(Collected data entries)

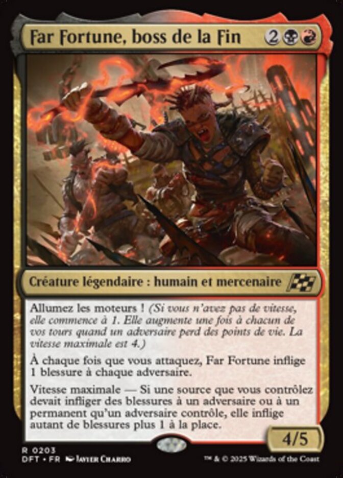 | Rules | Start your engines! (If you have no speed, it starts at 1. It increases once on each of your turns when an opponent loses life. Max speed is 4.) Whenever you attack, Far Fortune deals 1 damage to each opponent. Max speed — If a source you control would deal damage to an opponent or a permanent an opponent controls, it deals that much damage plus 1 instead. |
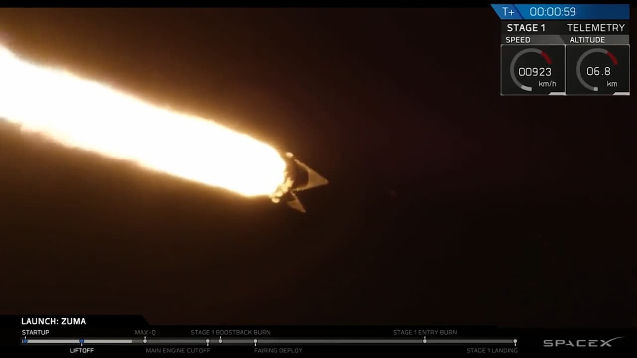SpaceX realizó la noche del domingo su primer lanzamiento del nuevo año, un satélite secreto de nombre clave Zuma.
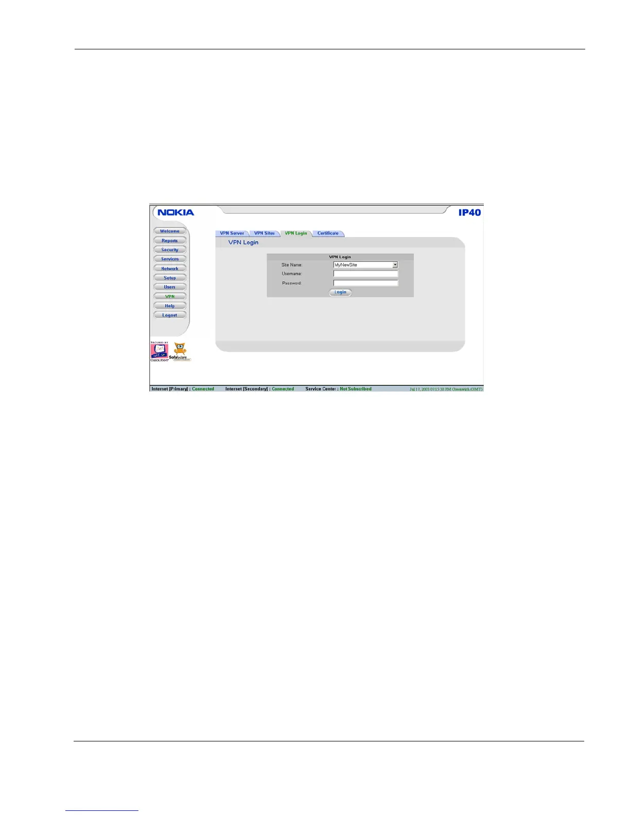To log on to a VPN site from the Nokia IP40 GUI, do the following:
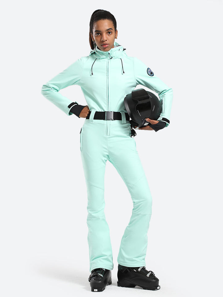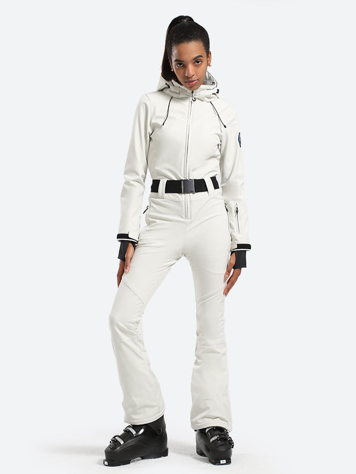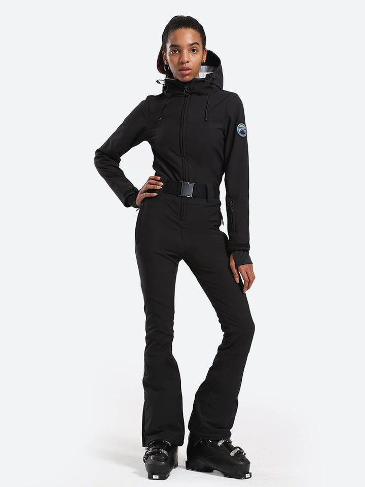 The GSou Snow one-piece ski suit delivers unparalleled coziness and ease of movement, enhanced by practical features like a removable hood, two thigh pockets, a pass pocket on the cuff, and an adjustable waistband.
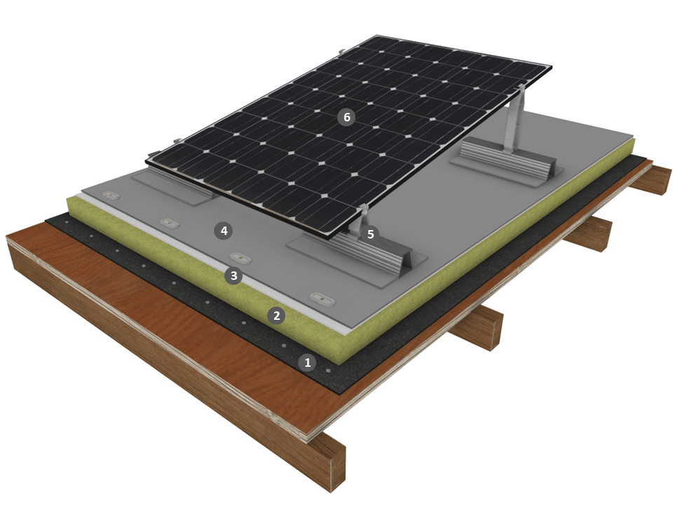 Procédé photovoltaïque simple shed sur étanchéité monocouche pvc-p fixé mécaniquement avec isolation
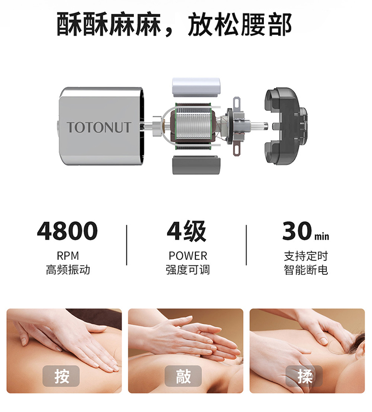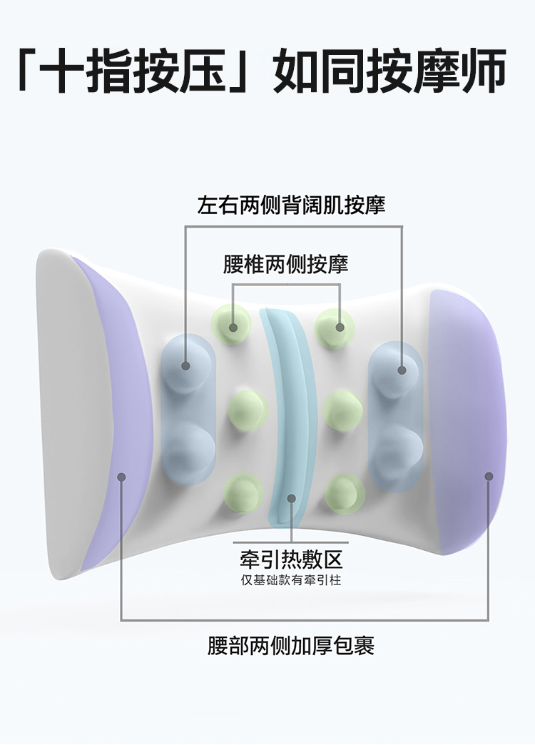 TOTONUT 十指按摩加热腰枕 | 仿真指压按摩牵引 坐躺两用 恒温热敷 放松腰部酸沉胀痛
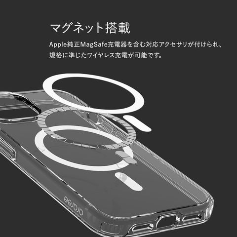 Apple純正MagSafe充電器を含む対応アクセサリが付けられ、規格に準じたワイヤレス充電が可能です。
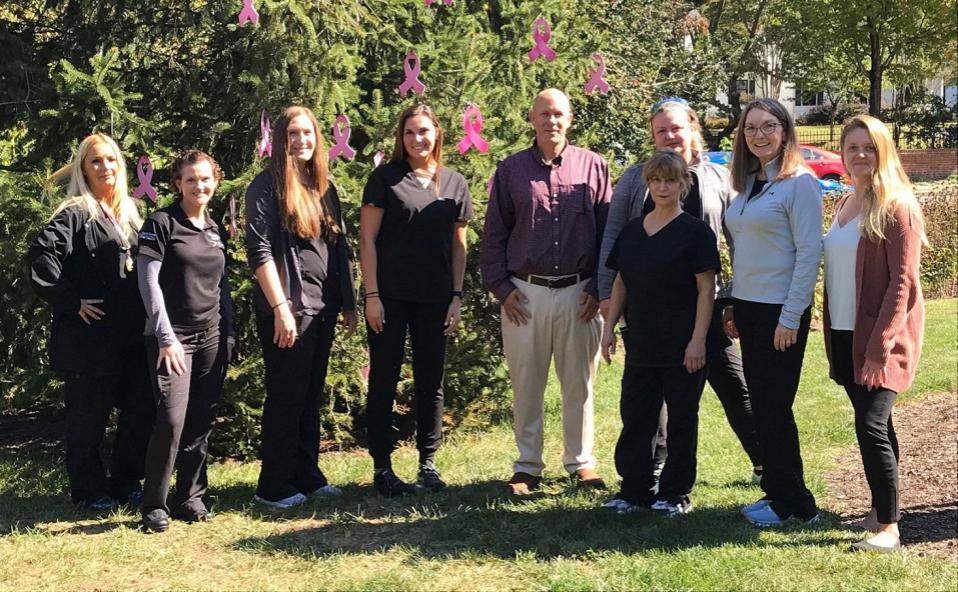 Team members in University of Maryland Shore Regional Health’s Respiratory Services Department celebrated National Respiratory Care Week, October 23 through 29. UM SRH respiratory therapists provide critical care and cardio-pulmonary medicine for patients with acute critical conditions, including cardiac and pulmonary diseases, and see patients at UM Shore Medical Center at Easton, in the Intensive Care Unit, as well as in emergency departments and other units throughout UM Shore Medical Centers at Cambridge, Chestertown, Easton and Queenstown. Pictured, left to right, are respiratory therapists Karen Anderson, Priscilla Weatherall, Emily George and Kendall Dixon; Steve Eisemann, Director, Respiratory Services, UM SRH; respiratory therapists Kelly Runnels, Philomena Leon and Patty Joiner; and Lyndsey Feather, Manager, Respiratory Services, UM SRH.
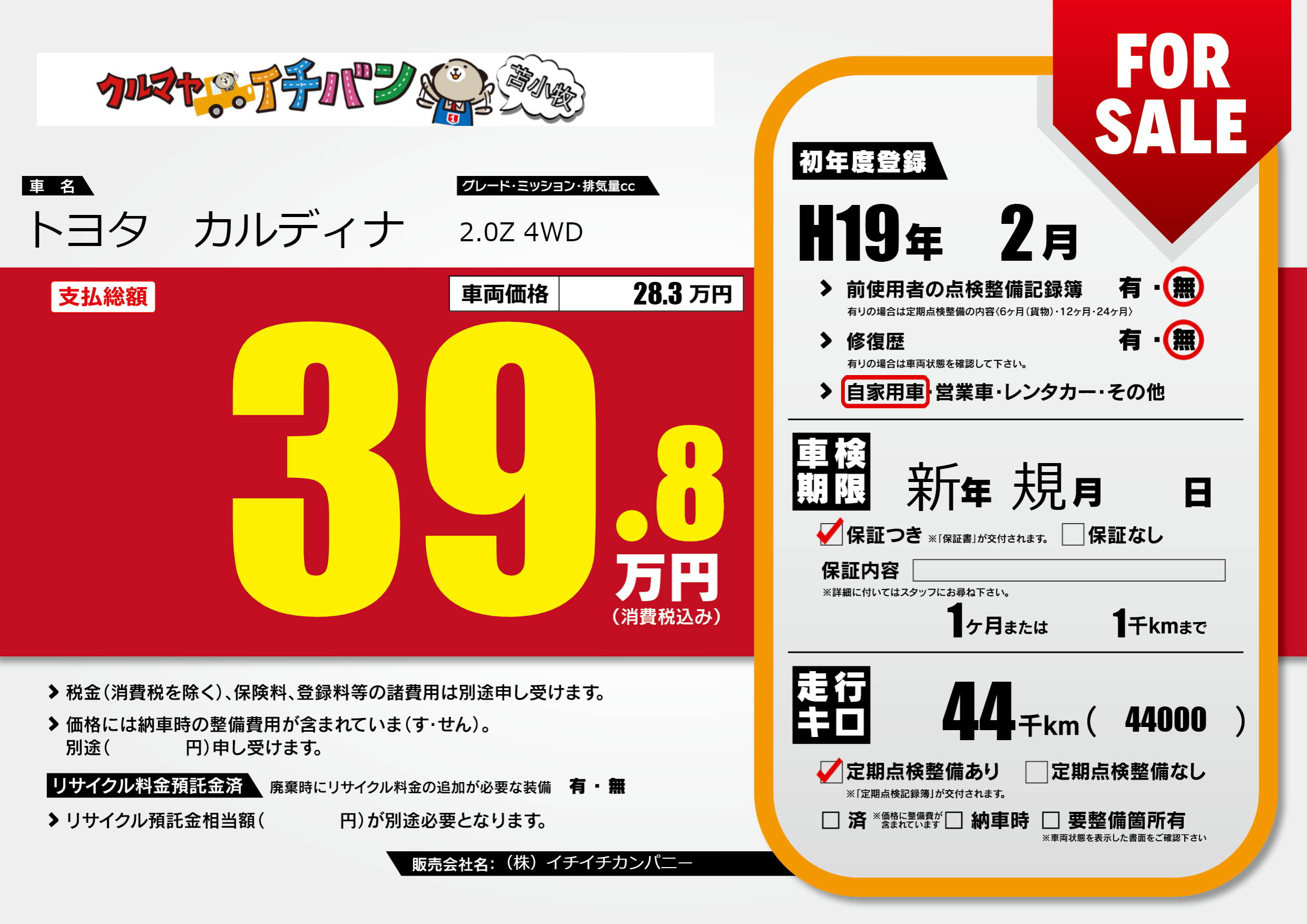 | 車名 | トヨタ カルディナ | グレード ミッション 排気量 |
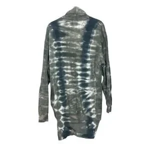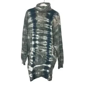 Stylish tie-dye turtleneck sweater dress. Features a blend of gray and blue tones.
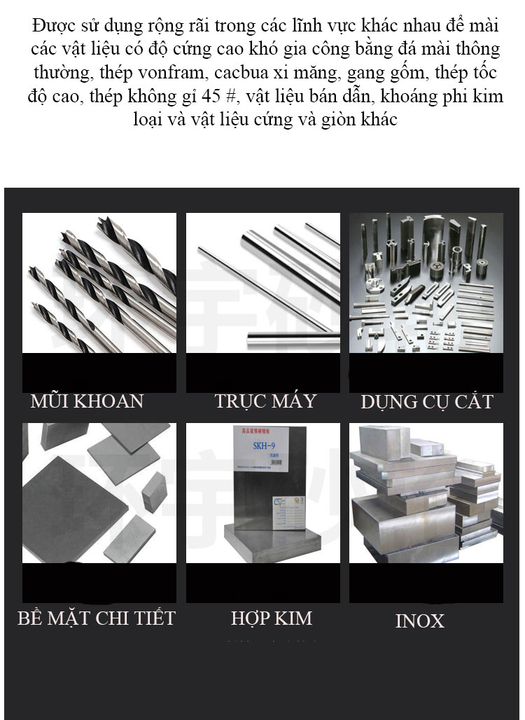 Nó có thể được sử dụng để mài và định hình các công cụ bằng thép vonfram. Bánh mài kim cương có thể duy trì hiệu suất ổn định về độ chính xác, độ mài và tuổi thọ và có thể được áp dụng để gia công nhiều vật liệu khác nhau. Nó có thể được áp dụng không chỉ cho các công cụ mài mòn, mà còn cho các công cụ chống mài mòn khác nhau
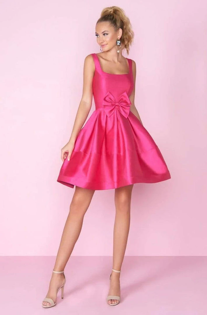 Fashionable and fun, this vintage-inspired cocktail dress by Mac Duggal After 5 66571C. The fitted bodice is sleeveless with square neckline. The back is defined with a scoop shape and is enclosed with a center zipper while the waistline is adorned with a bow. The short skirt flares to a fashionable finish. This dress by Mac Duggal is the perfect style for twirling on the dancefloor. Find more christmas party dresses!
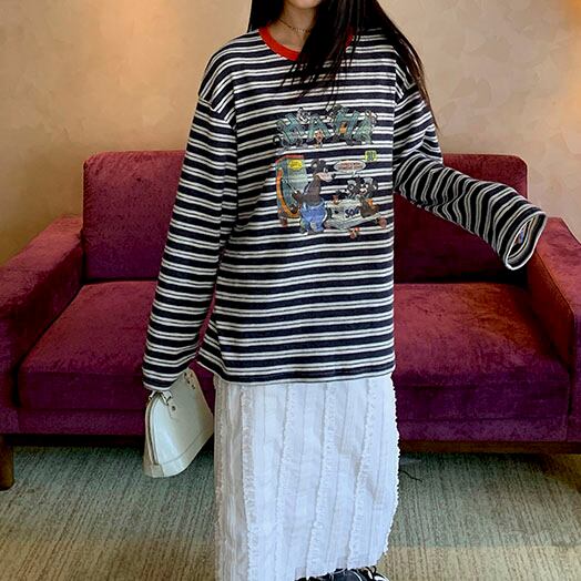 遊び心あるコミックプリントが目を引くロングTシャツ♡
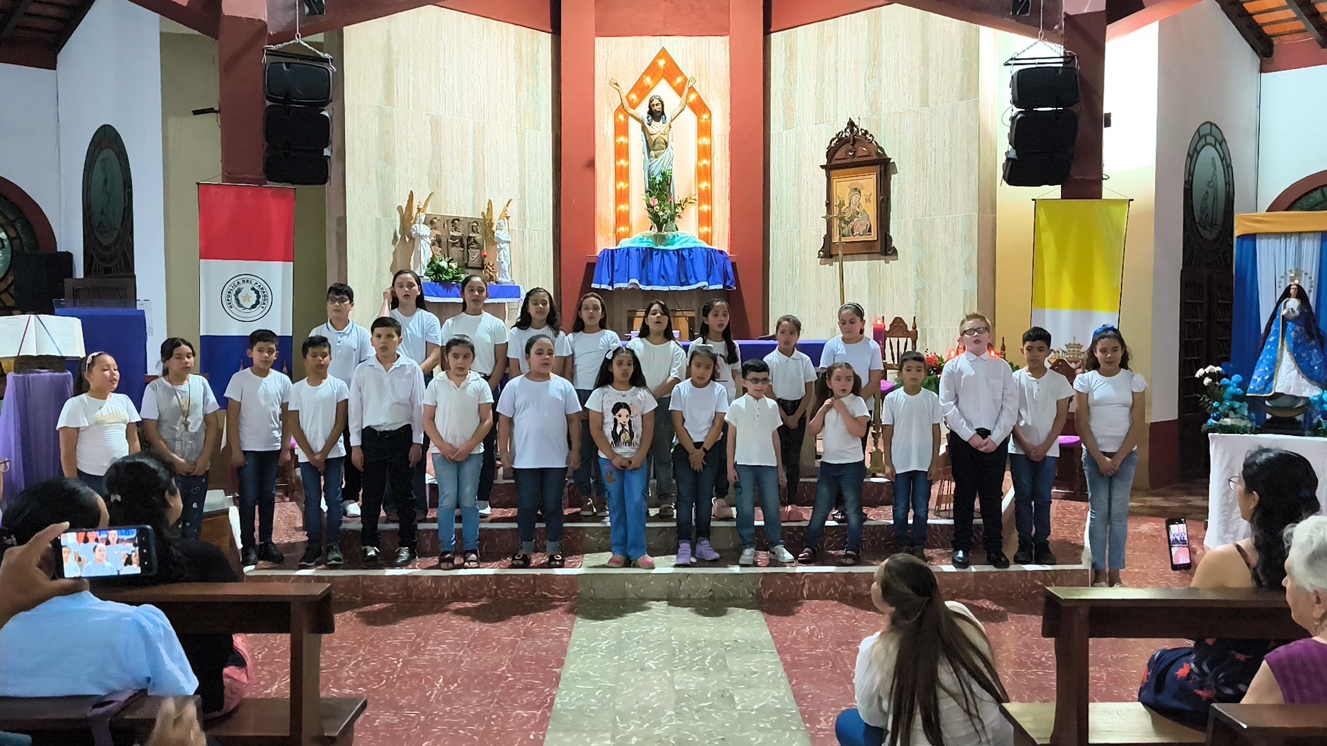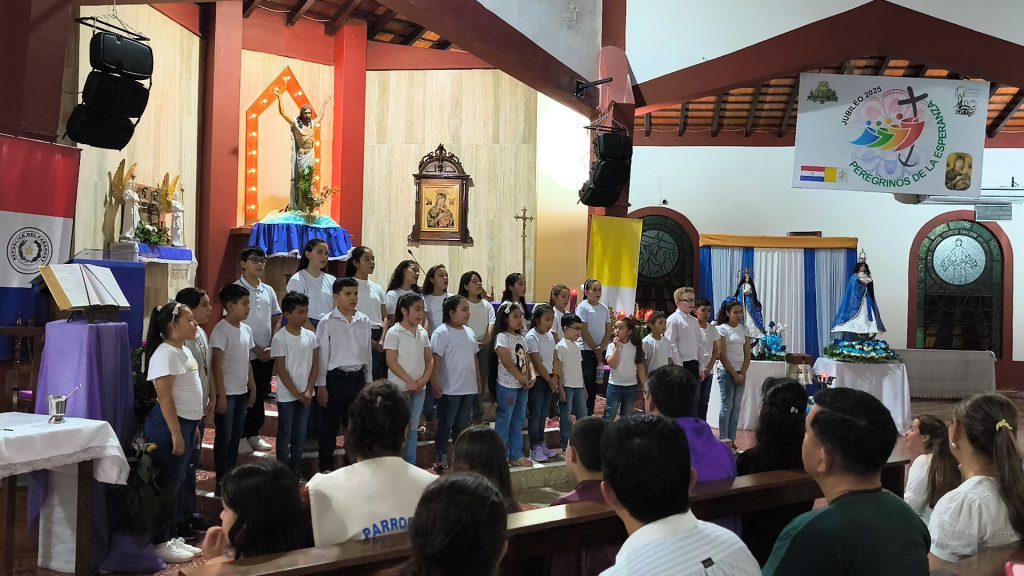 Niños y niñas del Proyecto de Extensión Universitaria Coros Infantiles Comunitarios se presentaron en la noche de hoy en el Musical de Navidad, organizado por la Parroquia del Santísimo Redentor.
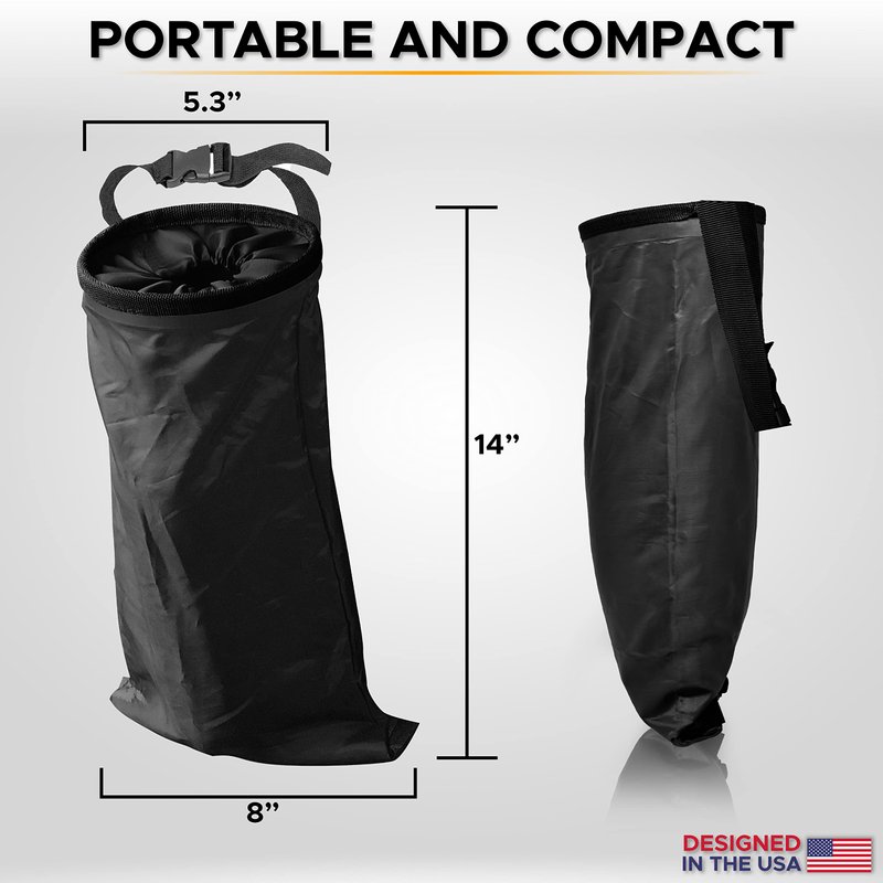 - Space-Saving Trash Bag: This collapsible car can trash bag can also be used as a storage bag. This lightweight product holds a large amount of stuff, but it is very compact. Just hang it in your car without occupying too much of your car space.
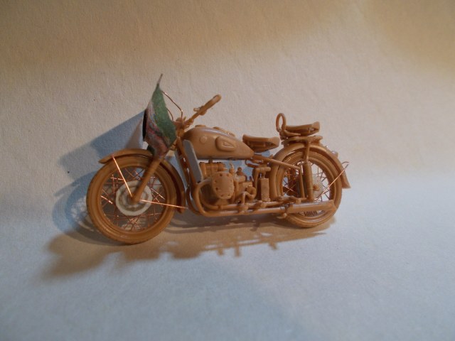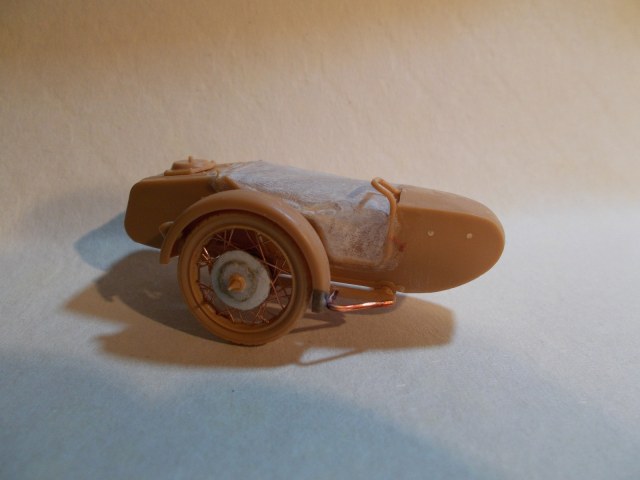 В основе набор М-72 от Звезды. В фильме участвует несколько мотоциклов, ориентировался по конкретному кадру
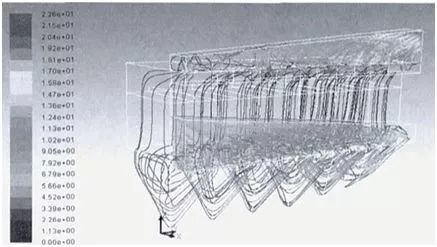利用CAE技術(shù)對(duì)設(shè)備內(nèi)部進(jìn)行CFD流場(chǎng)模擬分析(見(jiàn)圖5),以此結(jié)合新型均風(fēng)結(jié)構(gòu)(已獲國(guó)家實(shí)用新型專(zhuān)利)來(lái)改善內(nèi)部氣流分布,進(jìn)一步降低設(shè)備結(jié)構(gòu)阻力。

**WHAT TO WORK ON**
Transcribe each record above exactly, leaving every picture out of the copy.

**REPLY TO THE TASK**
 | Rules | Start your engines! (If you have no speed, it starts at 1. It increases once on each of your turns when an opponent loses life. Max speed is 4.) Whenever you attack, Far Fortune deals 1 damage to each opponent. Max speed — If a source you control would deal damage to an opponent or a permanent an opponent controls, it deals that much damage plus 1 instead. |
SpaceX realizó la noche del domingo su primer lanzamiento del nuevo año, un satélite secreto de nombre clave Zuma.
To log on to a VPN site from the Nokia IP40 GUI, do the following:
 The GSou Snow one-piece ski suit delivers unparalleled coziness and ease of movement, enhanced by practical features like a removable hood, two thigh pockets, a pass pocket on the cuff, and an adjustable waistband.
 Procédé photovoltaïque simple shed sur étanchéité monocouche pvc-p fixé mécaniquement avec isolation
 TOTONUT 十指按摩加热腰枕 | 仿真指压按摩牵引 坐躺两用 恒温热敷 放松腰部酸沉胀痛
 Apple純正MagSafe充電器を含む対応アクセサリが付けられ、規格に準じたワイヤレス充電が可能です。
 Team members in University of Maryland Shore Regional Health’s Respiratory Services Department celebrated National Respiratory Care Week, October 23 through 29. UM SRH respiratory therapists provide critical care and cardio-pulmonary medicine for patients with acute critical conditions, including cardiac and pulmonary diseases, and see patients at UM Shore Medical Center at Easton, in the Intensive Care Unit, as well as in emergency departments and other units throughout UM Shore Medical Centers at Cambridge, Chestertown, Easton and Queenstown. Pictured, left to right, are respiratory therapists Karen Anderson, Priscilla Weatherall, Emily George and Kendall Dixon; Steve Eisemann, Director, Respiratory Services, UM SRH; respiratory therapists Kelly Runnels, Philomena Leon and Patty Joiner; and Lyndsey Feather, Manager, Respiratory Services, UM SRH.
 | 車名 | トヨタ カルディナ | グレード ミッション 排気量 |
 Stylish tie-dye turtleneck sweater dress. Features a blend of gray and blue tones.
 Nó có thể được sử dụng để mài và định hình các công cụ bằng thép vonfram. Bánh mài kim cương có thể duy trì hiệu suất ổn định về độ chính xác, độ mài và tuổi thọ và có thể được áp dụng để gia công nhiều vật liệu khác nhau. Nó có thể được áp dụng không chỉ cho các công cụ mài mòn, mà còn cho các công cụ chống mài mòn khác nhau
 Fashionable and fun, this vintage-inspired cocktail dress by Mac Duggal After 5 66571C. The fitted bodice is sleeveless with square neckline. The back is defined with a scoop shape and is enclosed with a center zipper while the waistline is adorned with a bow. The short skirt flares to a fashionable finish. This dress by Mac Duggal is the perfect style for twirling on the dancefloor. Find more christmas party dresses!
 遊び心あるコミックプリントが目を引くロングTシャツ♡
 Niños y niñas del Proyecto de Extensión Universitaria Coros Infantiles Comunitarios se presentaron en la noche de hoy en el Musical de Navidad, organizado por la Parroquia del Santísimo Redentor.
 - Space-Saving Trash Bag: This collapsible car can trash bag can also be used as a storage bag. This lightweight product holds a large amount of stuff, but it is very compact. Just hang it in your car without occupying too much of your car space.
 В основе набор М-72 от Звезды. В фильме участвует несколько мотоциклов, ориентировался по конкретному кадру
利用CAE技術(shù)對(duì)設(shè)備內(nèi)部進(jìn)行CFD流場(chǎng)模擬分析(見(jiàn)圖5),以此結(jié)合新型均風(fēng)結(jié)構(gòu)(已獲國(guó)家實(shí)用新型專(zhuān)利)來(lái)改善內(nèi)部氣流分布,進(jìn)一步降低設(shè)備結(jié)構(gòu)阻力。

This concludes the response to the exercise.